> DATASET EXTRACT:
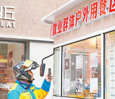 外卖员在北京市东城区某商区“骑手友好移动餐车”用手机扫码点餐。 郭俊锋摄(人民视觉)
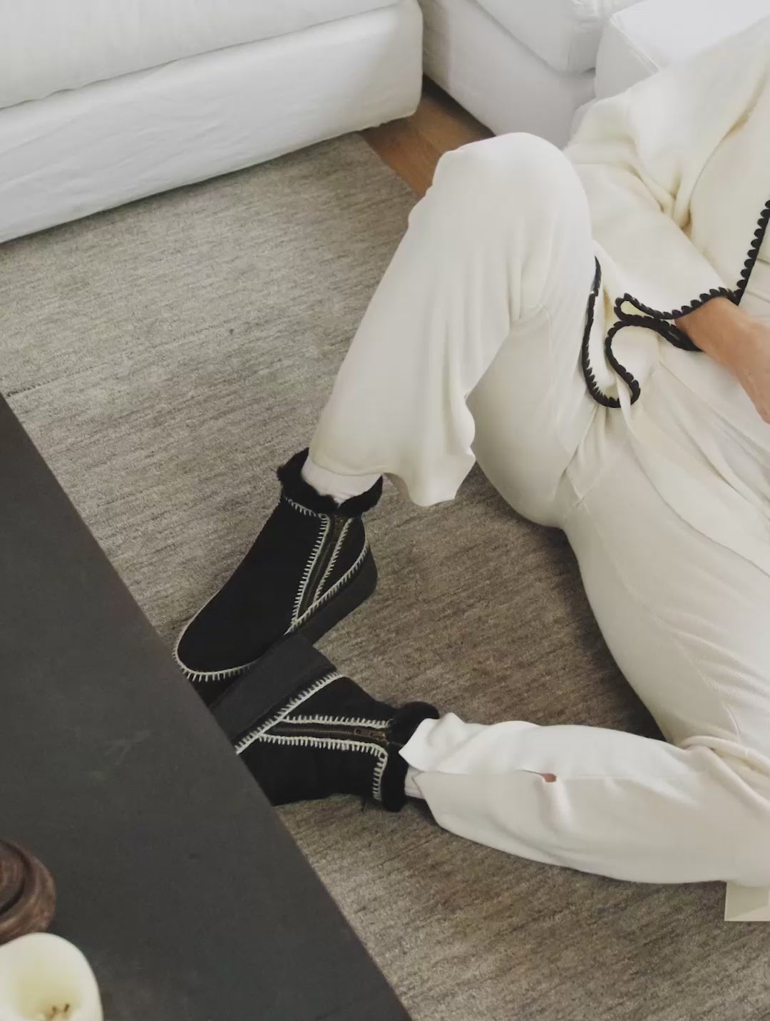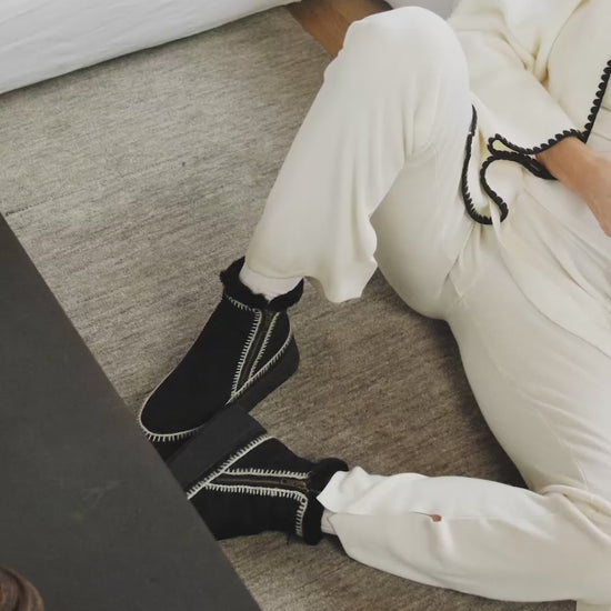 A fresh take on a laidback icon, the Setsu Platform adds height without compromising comfort. Handcrafted in soft goat suede with hand-crocheted stitching, this elevated style is fully lined in cosy shearling and grounded with a sculpted crepe-blend outsole. Designed to lift your look and keep you grounded wherever the day takes you.
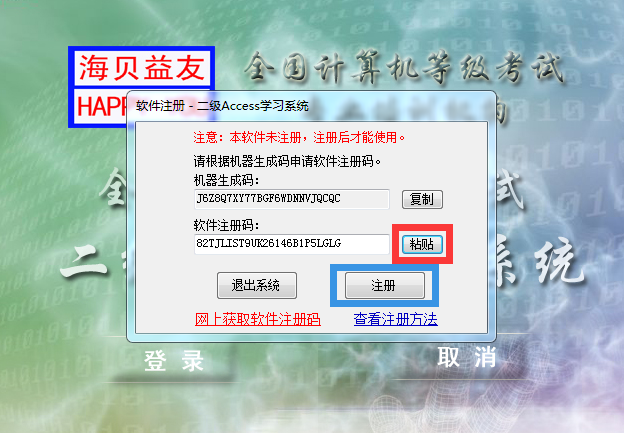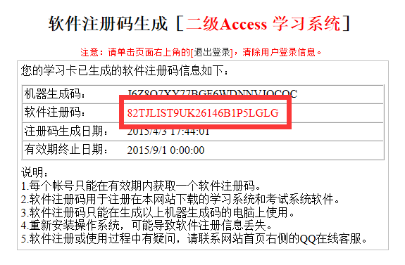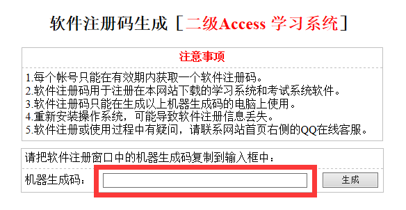 | 4. 在输入机器生成码网页中,在【机器生成码输入框】中单击【鼠标右键】,在弹出的菜单中选择【粘贴】,把第3步中复制的机器生成码粘贴在输入框中,单击【生成注册码】按钮,打开软件注册码信息网页。 注意:机器生成码必须是在你使用软件的电脑上生成的,学习系统和考试系统各自需要单独的账号注册。 |

> EXERCISE PROMPT:
Return the data verbatim, leaving out the pictures it holds.

> RESPONSE AREA:
 外卖员在北京市东城区某商区“骑手友好移动餐车”用手机扫码点餐。 郭俊锋摄(人民视觉)
 A fresh take on a laidback icon, the Setsu Platform adds height without compromising comfort. Handcrafted in soft goat suede with hand-crocheted stitching, this elevated style is fully lined in cosy shearling and grounded with a sculpted crepe-blend outsole. Designed to lift your look and keep you grounded wherever the day takes you.
 | 4. 在输入机器生成码网页中,在【机器生成码输入框】中单击【鼠标右键】,在弹出的菜单中选择【粘贴】,把第3步中复制的机器生成码粘贴在输入框中,单击【生成注册码】按钮,打开软件注册码信息网页。 注意:机器生成码必须是在你使用软件的电脑上生成的,学习系统和考试系统各自需要单独的账号注册。 |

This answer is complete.